I place my hand under her chin and raise her face to mine. And I look into those horrible green eyes. ‘I’m not going with you,’ I say.

‘But you’re meant to,’ she says quietly. Hollowly. And slowly her arms unwrap from my legs. She beats her fists against my hips. Even when they pick up speed they’re still just hollow punches. She’s tired and worn down. She beats her fists against me, mumbling about my father and God and fate, until I push her to the ground. And as she struggles to grab my ankles, anything to keep me from leaving, I kneel at her side and tell her that God has never told her she needed me. God has never spoken to her. The voices she hears, it’s just because of the horrible things that happened to her.

‘Everything you believe is wrong,’ I say.

Epiphany cries into her hands.

‘The people who did all this to you,’ I say, ‘they fucked you up. Matthew fucked you up. LaRouche did. But you ruined my life for no
real
reason, and I don’t owe you a thing.’

I grab my pumpkin from the ground.

‘Goodbye, Epiphany Jones,’ it would say.

And, as I turn the corner and leave Epiphany crying on the alley floor, she shouts empty words.

She shouts, ‘You’re meant to help me, Jerry!’

She shouts, ‘You owe me!’

She shouts, ‘You’ll regret this!’

I
took bus after bus, crisscrossing the city, in case Epiphany tried to follow me. I was stupid. I shouldn’t have mentioned Bela. If her life was in danger because of me…

Bela is already at my place when I return.
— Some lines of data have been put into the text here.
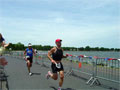 I pushed. T2 Run - 13.1m And before I knew it I was half way at about 52 minutes. So I dialed it up just a notch to keep this good rhythm and not burn out to early knowing that the last three miles or so I would dial it up again. I wanted these increases to happen smoothly - something I've been working on in my run. And sure enough I took my HR to about 149-151. At this point I was forgetting my mile calculations so I wasn't sure of my pace but comfortable with knowing that I was about even. And somehow I calculated that I would end up with 8mm which was my target. So I was right on pace and relatively comfortable- that was the weird thing. At mile nine I was passed slowly by a tall runner and I decided I could increase my speed some now while drafting him into the wind (back into town). I kept right on his feet and by the time we hit the 10 mile mark we were on a 7mm pace. My HR was at 152 and I was getting excited at my ability to keep this up all the while getting closer to the finish line. I joked with my pacer and confirmed I wasn't annoying him, and he was happy in front just so long "you don't pass me in the sprint finish" - agreed. But he took off not too much after that. And the next thing I see is the 12 mile mark! What? Where is 11? I clearly missed the 11 mile mark- possibly from my focus on the feet in front of me. Who cares, pick it up, I kept my pacer in my sights about 50 yards up and slowly tried to gain ground but he was in overdrive. The finish chute was there before I knew it. I sprinted through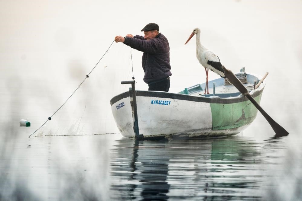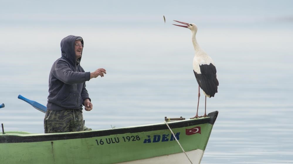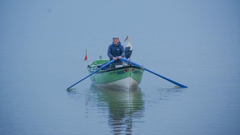 Lüylek Köyü’nde 13 yıldır balıkçı Adem Yılmaz’ın kayığına konan Yaren Leylek bu dostluğu ile gönüllere taht kurmuştu.
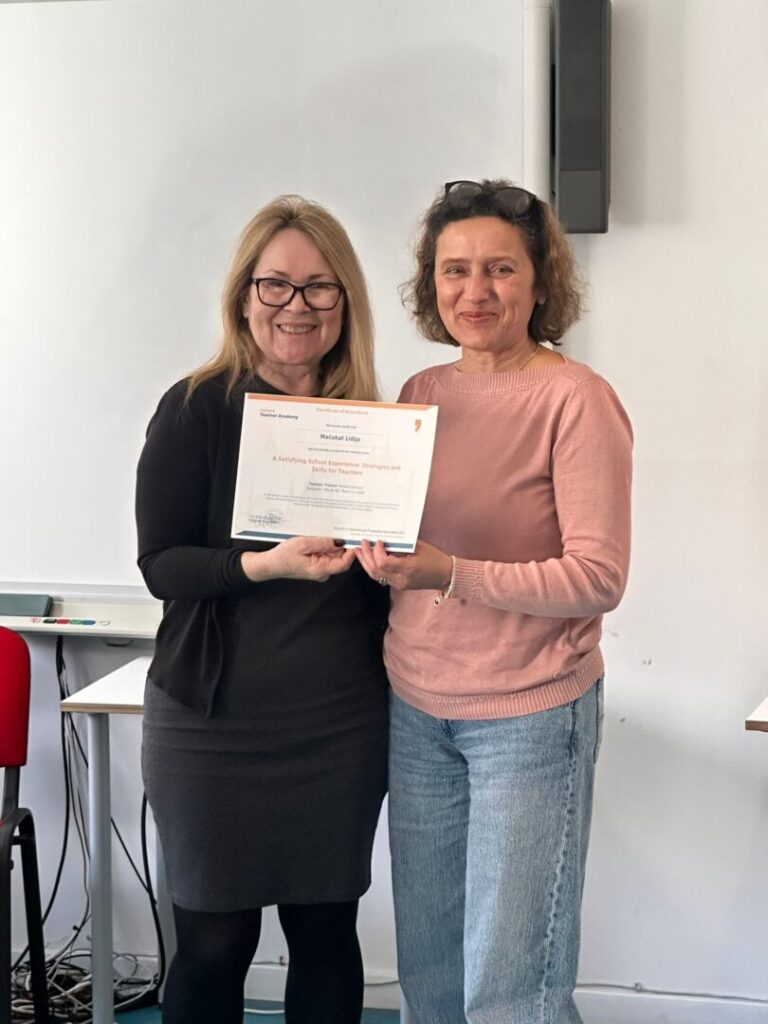 Nastavnica Lidija Mačukat sudjelovala je na seminaru „A Satisfying School Experience: Strategies and Skills for Teachers“ u organizaciji Europass Teacher Academy. Tijekom edukacije, kroz aktivno praćenje i sudjelovanje u svim aktivnostima, stekla je nova znanja o stvaranju sigurnog i poticajnog školskog okruženja te o unapređenju komunikacije s učenicima. Sudjelovanje u ovoj aktivnosti pozitivno će utjecati na razvoj nastavničkih kompetencija, osobito kroz primjenu novih metoda i aktivnosti u nastavi koje će olakšati komunikaciju s učenicima i povećati njihovu motivaciju za rad.

She notes that I look dirty. ‘Well, that’s what happens when you go to the pumpkin patch,’ I say and pull the pumpkin from behind my back.

When we carve it that night, she’s meticulous. Like everything else, if she’s going to do something, she wants to do it right. It takes her an hour to make the mouth. When she’s done we put a candle in it and she asks what we do with the guts.
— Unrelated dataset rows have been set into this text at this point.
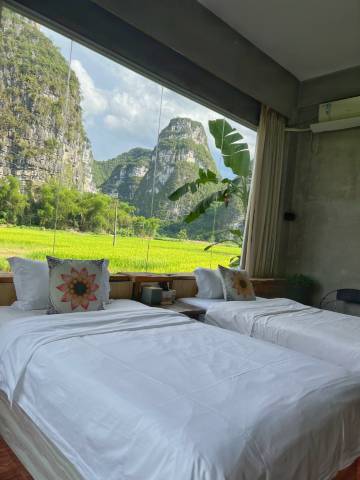 🏡✨很宠物友好!这次入住崇左漫步田园民宿真的太惊喜了!位置绝佳,就在山水之间,推开窗就是喀斯特地貌的绝美风景,仿佛住在画里🍃💚。前台小姐姐超热情,一进门就笑着迎接,对狗狗很友好,还贴心地介绍了周边游玩路线🗺️😊。早餐三楼自助,起晚了还可以吃阿姨煮的粉,可以安心睡懒觉。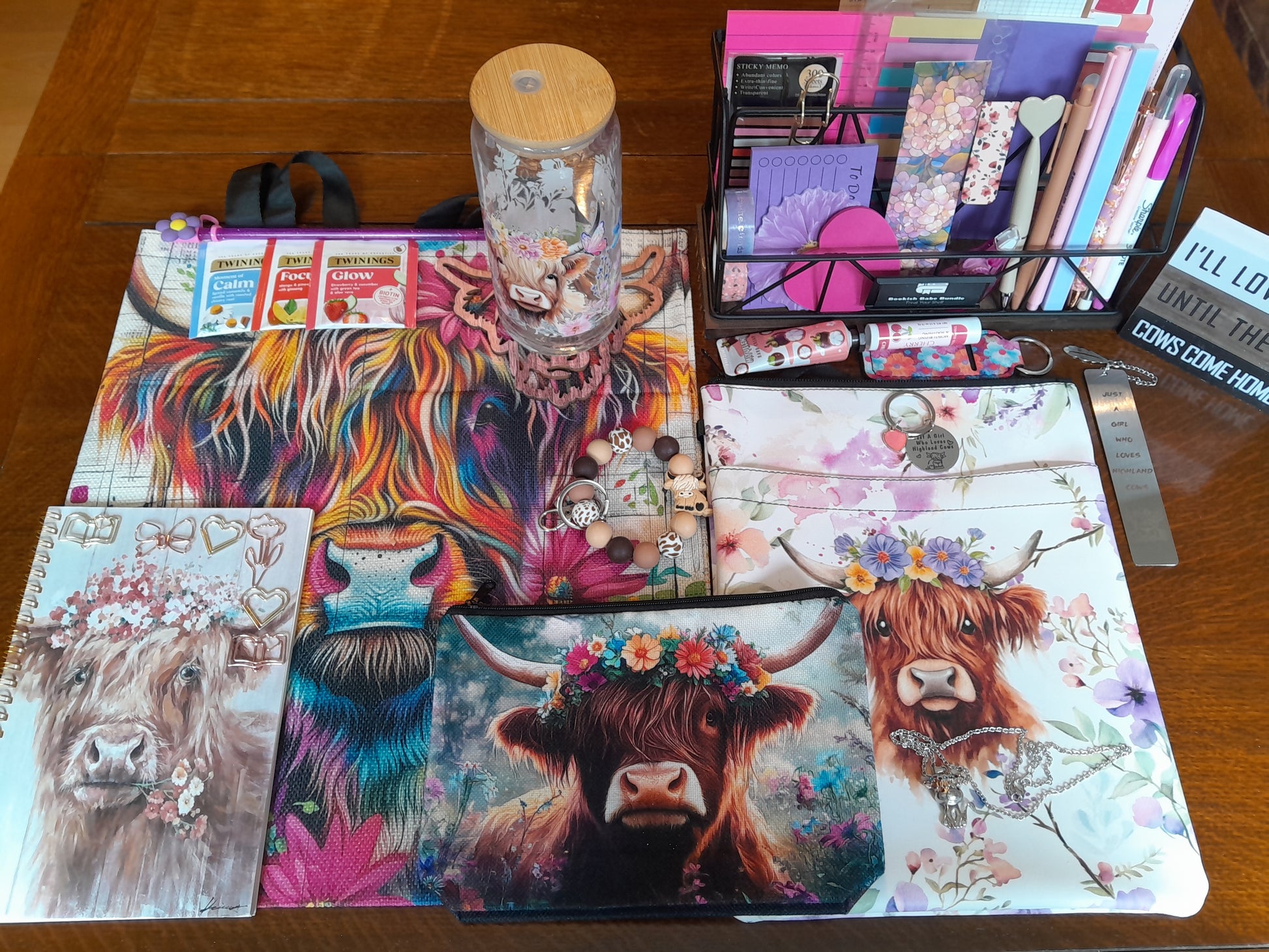 Highland Cow bundle. A gorgeous collection for the Highland Coo fan, containing a book sleeve, tote bag, pencil case, glass cup, notebook and lots of stationery and Cow themed items.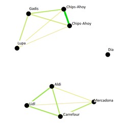 Similitudes entre las distintas marcas de galletas / Una conexión más gruesa y de color más verde indica una mayor similitud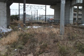 新津東バイパスをくぐり、しばらく盛土は続いている。 (2011.2)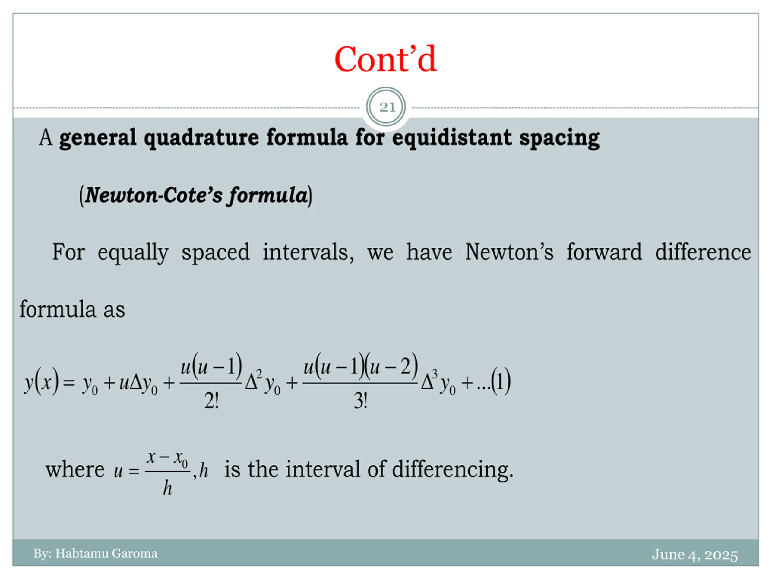 Contd 21 A general quadrature formula for equidistant spacing (Newton-Cote s formula) For equally spaced intervals, we have Newton s forward difference formula as ( ) ( )( ) 1 1 2 u u u u u ( ) x ( ) 1 = + + + + 2 3 ... y y u y y y 0 0 0 0 ! 2 ! 3 x x where is the interval of differencing. = 0 , u h h June 4, 2025 By: Habtamu Garoma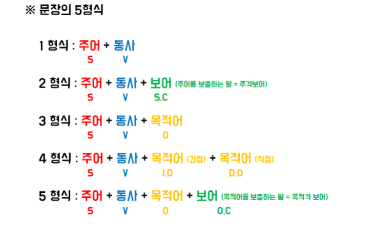 1탄에서 말씀드린 것 처럼, 영어 문장은 대부분 이렇게 5개의 형식으로 나눌 수 있습니다. 이렇게 기본 어순을 익히시면, 그 후 영문법은 여기 뼈대에 살을 붙이는 작업이라고 생각하시면 됩니다. 아래 예시를 통해 5형식을 다시 한번 보면서 혹시 조금이라도 헷갈리는 문장이 있는지 자가진단 해보시길 바랍니다.

‘You can cook them,’ I say, ‘and eat them with the seeds.’

‘Or,’ she says, grabbing a handful of the orange insides, ‘you can throw them, no?’ And she shrieks as a stringy wad of pumpkin flesh hits me in the face.

When I get out of the shower there’s no light in the bedroom except that which comes from the pumpkin we placed on the nightstand. Bela is in my bed already, naked under the covers, propped on her elbows admiring her work. She ended up going with the traditional gap-toothed pumpkin mouth, but its eyes are made of stars. I admire Bela admiring her work and lean down to kiss her bare shoulder.